Skip all pictures. Write out the data below from its first line through the line that contains "تصویر موشک و".

### Data extracted from a collection:
══════════

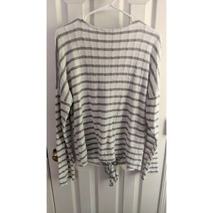 Gray and white striped pullover with tortoise shell buttons. Lightweight with knotted tie front. Gently used.
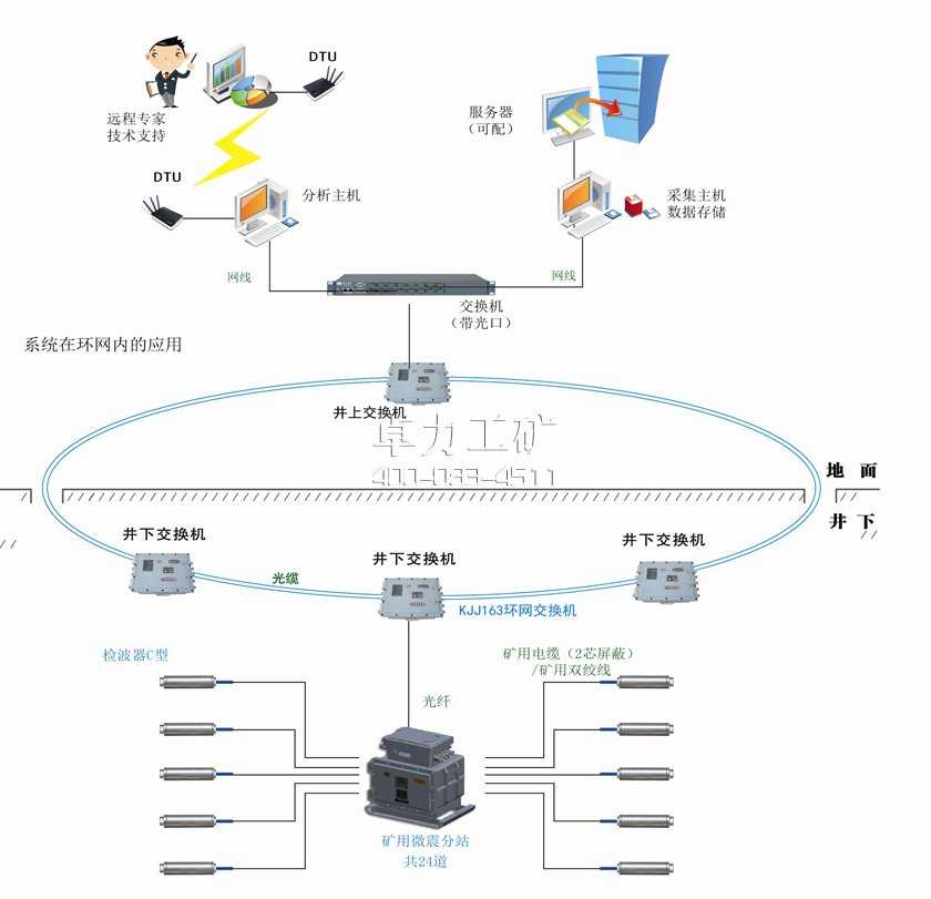 礦用微震系統(tǒng)由采集主機(jī)(服務(wù)器)、分析主機(jī)、交換機(jī)、信號傳輸設(shè)備(電轉(zhuǎn)光口設(shè)備、光纜、電纜、接線盒)、KJ699礦用微震監(jiān)測分站、拾震器GZC4.5A、環(huán)網(wǎng)交換機(jī)(地面交換機(jī))、UPS電源、服務(wù)器等組成。
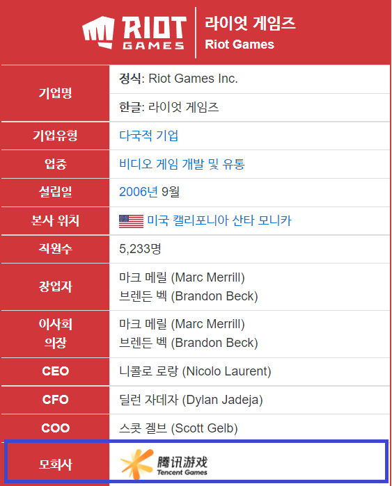 텐센트가 100% 지분 완전 소유하는 라이엇 게임즈 좋아하는 이대남이
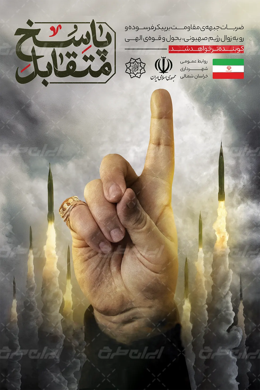 تصویر موشک و متن مرتبط با این حمله موشکی است که توسط تیم خلاق ایران طرح طراحی شده است.
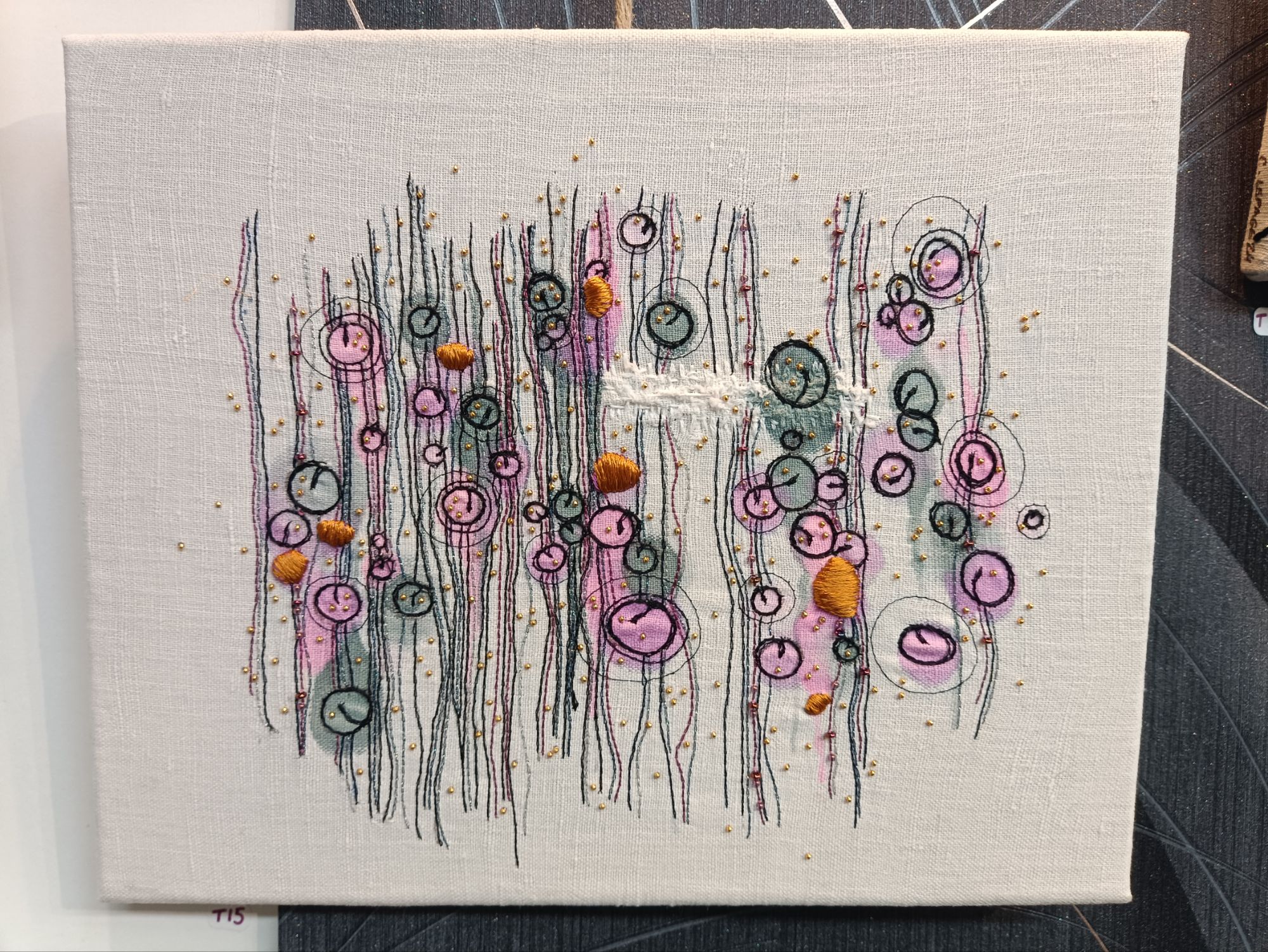 However, we needn’t have worried; most of the stalls were very interesting, selling fabrics, buttons, patterns, bag making kits and every kind of accessory imaginable for patchwork. There was also a decent exhibition of work, including from two well known textile artists, who were very happy to chat about their work. My brain was buzzing with ideas.

══════════

### Written answer:
 Gray and white striped pullover with tortoise shell buttons. Lightweight with knotted tie front. Gently used.
 礦用微震系統(tǒng)由采集主機(jī)(服務(wù)器)、分析主機(jī)、交換機(jī)、信號傳輸設(shè)備(電轉(zhuǎn)光口設(shè)備、光纜、電纜、接線盒)、KJ699礦用微震監(jiān)測分站、拾震器GZC4.5A、環(huán)網(wǎng)交換機(jī)(地面交換機(jī))、UPS電源、服務(wù)器等組成。
 텐센트가 100% 지분 완전 소유하는 라이엇 게임즈 좋아하는 이대남이
 تصویر موشک و متن مرتبط با این حمله موشکی است که توسط تیم خلاق ایران طرح طراحی شده است.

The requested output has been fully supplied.